■ EXERCISE REQUIREMENTS ■
Pictures stay out. Extract the lines below from the first one through the line with "As you can see", both included.

■ COLLECTED MATERIAL ■
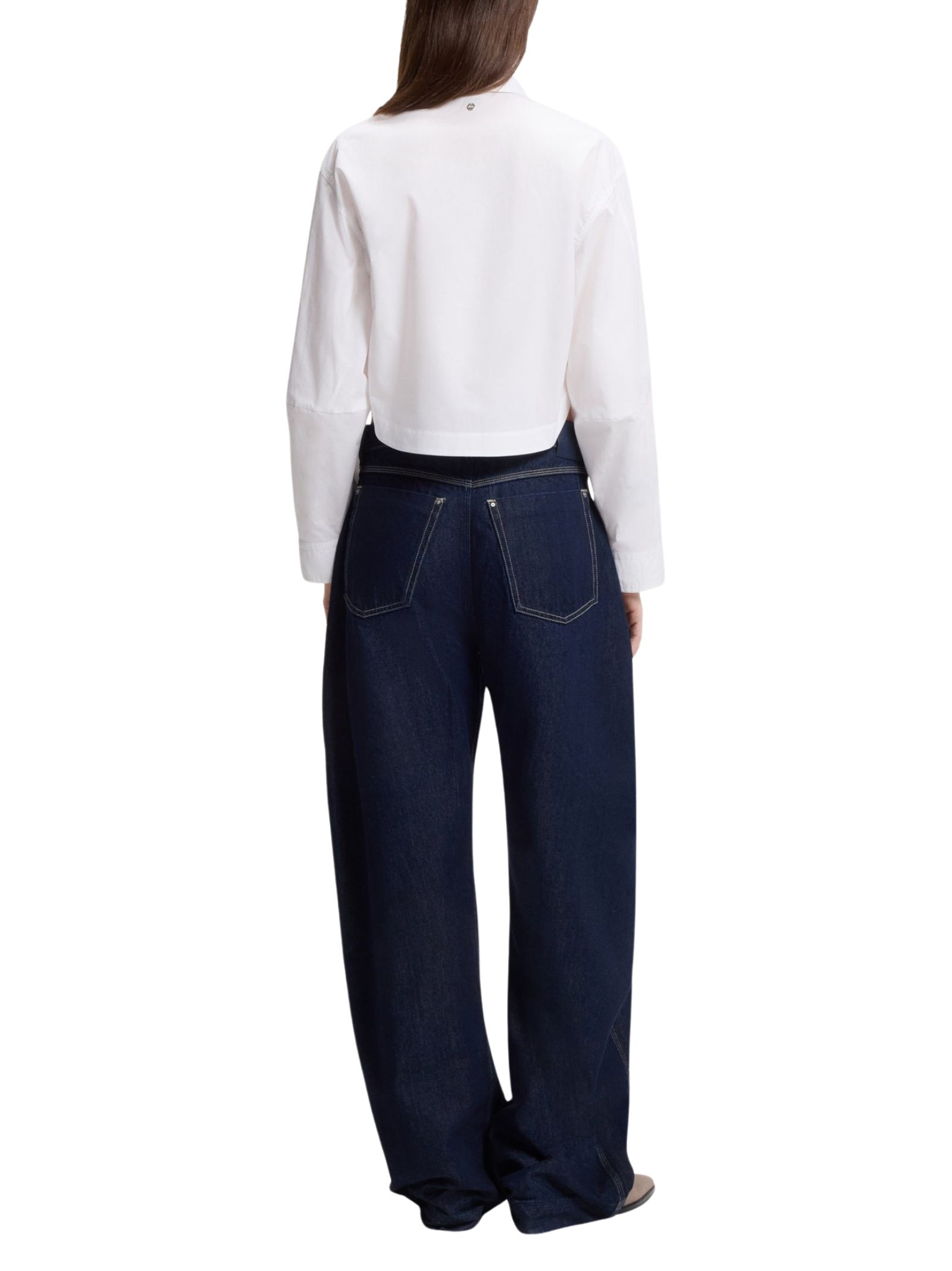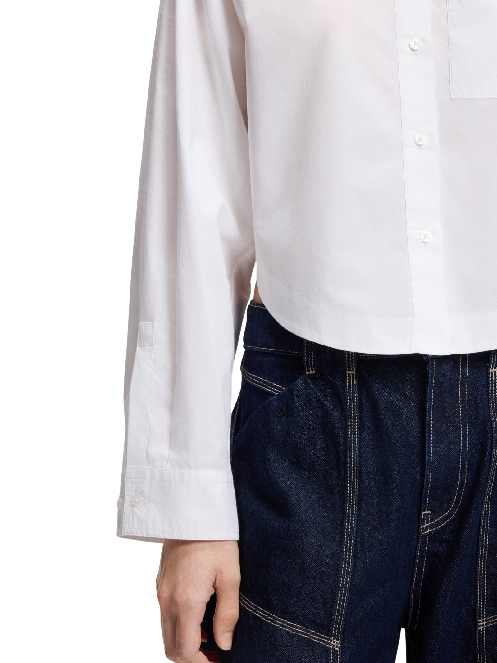 Blusa BOSS Womenswear oversize e corta in morbido popeline di cotone, facile da abbinare, con colletto a punta, maniche lunghe, polsini con bottoni, tasche applicate sul petto e logo ricamato a mano.
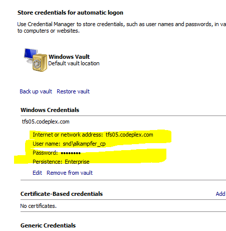 As you can see the original project is the dexterblogengine on tfs05.codeplex.com, and the destination is the Dexter team project on my default colelction. This configuration is not enough, because storing a username and password in configuration is still not supported, so I need to go on Cretendial Manager
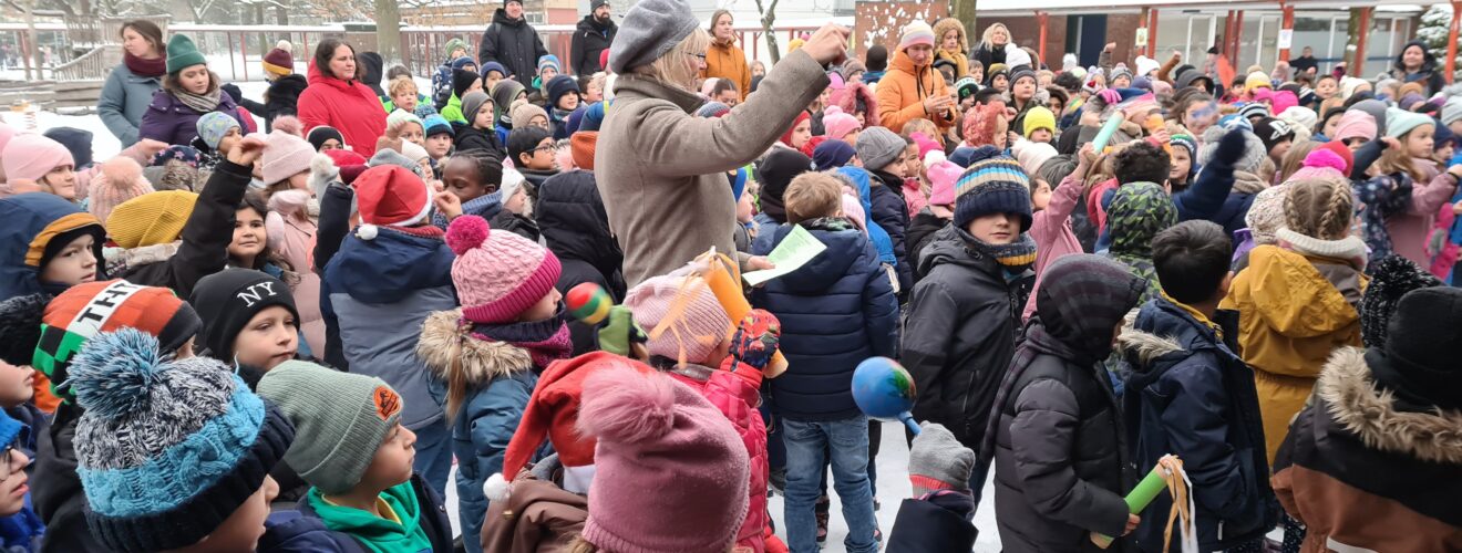 Am Nikolaustag versammelten sich die Vorschulklassen sowie die Schülerinnen und Schüler der ersten und zweiten Klassen um neun Uhr zu einem besonderen Ereignis auf dem Schulhof: dem 1. Adventssingen. Inmitten einer zauberhaft verschneiten Umgebung erklangen fröhliche Kinderstimmen, die gemeinsam Winter und Weihnachtslieder anstimmten. Begleitet wurden sie musikalisch von Frau Seibel am Keyboard und Frau Flügel an der Gitarre. Und auch die Vorschülerinnen und Vorschüler unterstützen die Musik mit Rasseln und Glöckchen, was die festliche Stimmung abrundete.

■ WRITTEN RESPONSE ■
 Blusa BOSS Womenswear oversize e corta in morbido popeline di cotone, facile da abbinare, con colletto a punta, maniche lunghe, polsini con bottoni, tasche applicate sul petto e logo ricamato a mano.
 As you can see the original project is the dexterblogengine on tfs05.codeplex.com, and the destination is the Dexter team project on my default colelction. This configuration is not enough, because storing a username and password in configuration is still not supported, so I need to go on Cretendial Manager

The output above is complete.